- The White House released its National Policy Framework for Artificial Intelligence on March 20, 2026, outlining nonbinding legislative recommendations for Congress to establish unified federal AI regulation.
- The framework calls for broad federal preemption of state AI laws that impose undue burdens while preserving states’ police powers to protect children, prevent fraud, and safeguard consumers.
- Seven legislative objectives are identified: child protection, community safeguards, intellectual property, free speech, innovation, workforce development, and federal-state governance.
- The framework takes a narrower stance than Sen. Marsha Blackburn’s 291-page TRUMP AMERICA AI Act, which proposes developer duties, liability regimes, and labor reporting requirements.
What Happened
The White House released its National Policy Framework for Artificial Intelligence on March 20, 2026, a set of nonbinding legislative recommendations for Congress to create a unified federal approach to AI regulation. The framework, analyzed by Ropes & Gray LLP and Holland & Knight LLP, calls for broad federal preemption of state AI laws that impose undue burdens on AI developers and deployers, while preserving states’ traditional police powers to enforce laws of general applicability.
The document reflects the administration’s position that a patchwork of state-level AI regulations threatens to obstruct innovation and create compliance costs that disproportionately affect smaller AI companies. As Roll Call reported, the framework represents the most detailed articulation of the administration’s preferred legislative architecture for AI governance to date.
Why It Matters
At least 15 states introduced AI-related legislation in 2025 and early 2026, creating a growing compliance burden for AI companies operating nationally. Colorado became the first state to enact a broad AI governance law in 2024, and states including Connecticut, California, and Texas have active AI bills in their current legislative sessions. The White House framework directly addresses this proliferation by arguing that AI model development is inherently interstate in nature and should not be subject to state-by-state regulation.

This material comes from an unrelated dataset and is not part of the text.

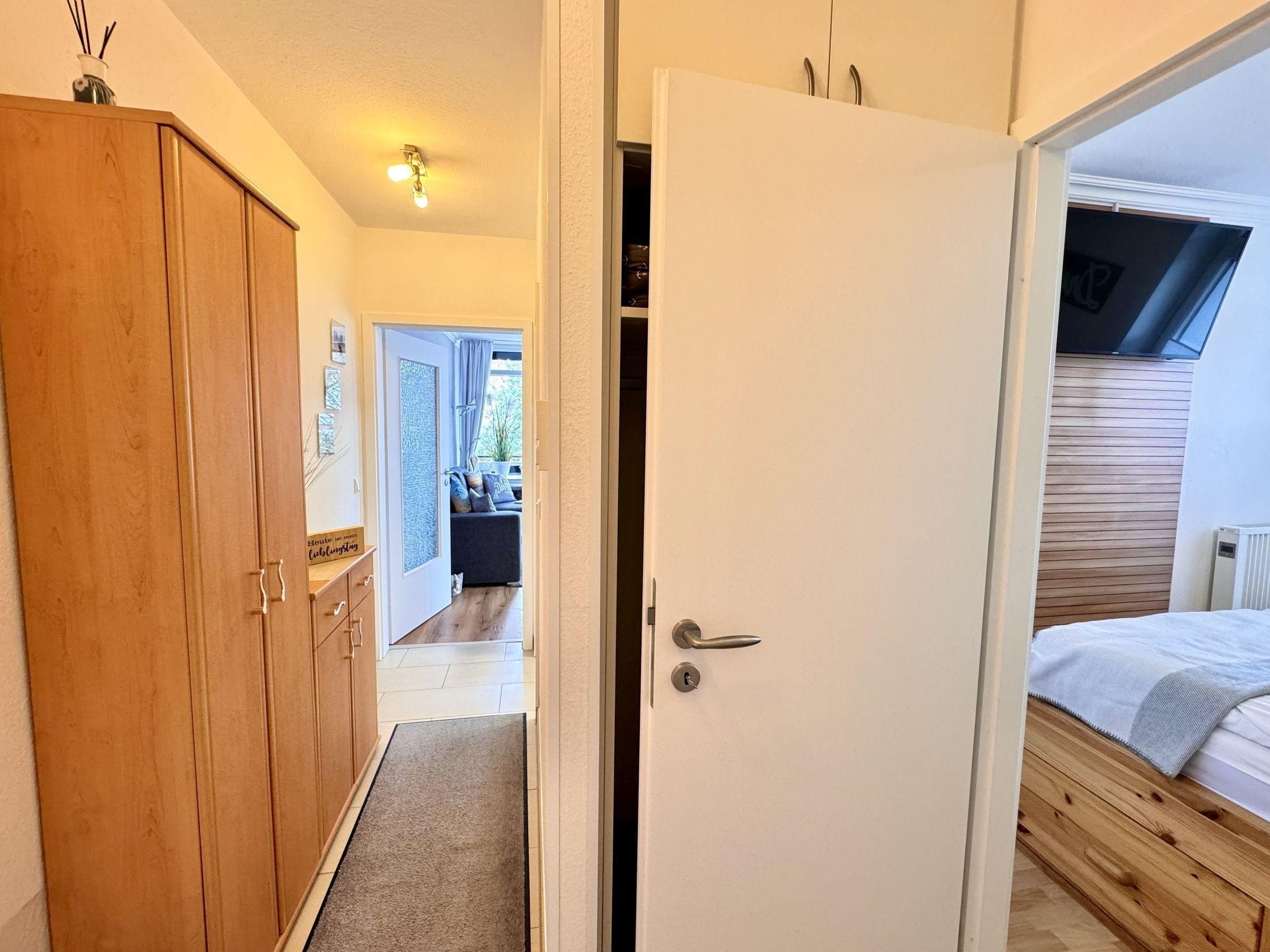 Diese schöne, helle Ferienwohnung umfasst eine Größe von ca. 41 m² und ist für bis zu 4 Personen ausgerichtet. Sie verfügt über ein großes lichtdurchflutetes Wohnzimmer mit einem gemütlichen Schlafsofa und Fernsehsessel, Smart-TV, DVD Blue-Ray-Player, eine Sony-Musikanlage mit Bluetooth-Schnittstelle sowie einem integrierten Essbereich für 4 Personen. Nordisch maritim und heimelig präsentiert sich die gesamte Einrichtung, Ostseefeeling pur! Im Flur haben Sie mit einer Garderobe und einem Kleiderschrank ausreichend Platz für Ihre Kleidung. Das hochwertige Badezimmer ist modern gestaltet und verfügt über eine Dusche, WC, sowie Waschtisch mit Spiegel und Fön. Neue Kunststofffenster & elektrische Außenrollläden runden dieses Feriendomizil ab. Zudem gibt es eine kleine separate Küche, in der man wunderbar gemeinsam kochen kann. Zu der gründlichen Ausstattung gehören Annehmlichkeiten wie eine Dolce Gusto Kaffeemaschine, ein Toaster, Wasserkocher, Elektrogrill, Kühlschrank, Gefrierfach, Ceranfeld, Brotschneidemaschine, Backofen und eine Mikrowelle. Im separaten Schlafzimmer mit Doppelbett genießen Sie erholsame Nächte, hier können Sie sogar über den Smart-TV noch gemütlich Ihren Film im Bett zu Ende schauen.

The framework also takes the position that AI developers should not be penalized for unlawful conduct by third parties using their models, a liability shield that the technology industry has actively lobbied for and that consumer advocates have opposed. This position creates a clear fault line in the upcoming congressional debate over comprehensive AI legislation and will likely be one of the most contested provisions if the framework’s recommendations are translated into legislative text.
Technical Details
The framework identifies seven legislative objectives. Child protection provisions would empower parents with privacy tools and age assurance mechanisms while safeguarding against exploitation. Community safeguard provisions would codify protections barring ratepayers from funding AI data center electricity costs and streamline federal permitting for power generation infrastructure. Intellectual property provisions support voluntary licensing rather than mandatory requirements for training data and protect voice and likeness replicas with First Amendment exceptions.
The free speech provisions would bar federal agencies from pressuring AI or technology providers to suppress lawful content, a provision that reflects ongoing debates about content moderation and government influence. Innovation provisions propose regulatory sandboxes and improved access to federal datasets for AI training. Workforce development provisions call for integrating AI training into existing educational programs and supporting land-grant institutions. The federal-state governance section details the preemption framework, preserving state zoning authority and police powers while preempting state regulation of AI model development and deployment.
Who’s Affected
State legislators working on AI bills face the prospect of federal preemption that could override their enacted or pending legislation, potentially nullifying years of policy development at the state level. AI companies operating across multiple states would benefit from regulatory consolidation under a single federal framework, reducing compliance costs and legal uncertainty. Consumer protection advocates and civil rights organizations have raised concerns about the framework’s liability protections for AI developers, arguing that they could leave consumers without adequate recourse when AI systems cause harm. Sen. Marsha Blackburn’s TRUMP AMERICA AI Act, a 291-page legislative proposal that includes developer duties, liability regimes, and labor reporting requirements, represents a more prescriptive alternative that Congress may consider alongside the White House framework.
What’s Next
The framework is not binding and does not impose new legal obligations or direct agencies to take regulatory action. Congressional action is required to implement any of the framework’s recommendations. Democratic lawmakers have expressed opposition to broad preemption provisions, suggesting that comprehensive federal AI legislation faces a contested path through Congress. Political observers note that progress is more likely through discrete legislation addressing specific issues, such as child safety, fraud prevention, and government AI procurement, than through a single comprehensive reform bill. The framework’s influence will ultimately depend on whether Congress adopts its preemption approach or pursues a more prescriptive regulatory model.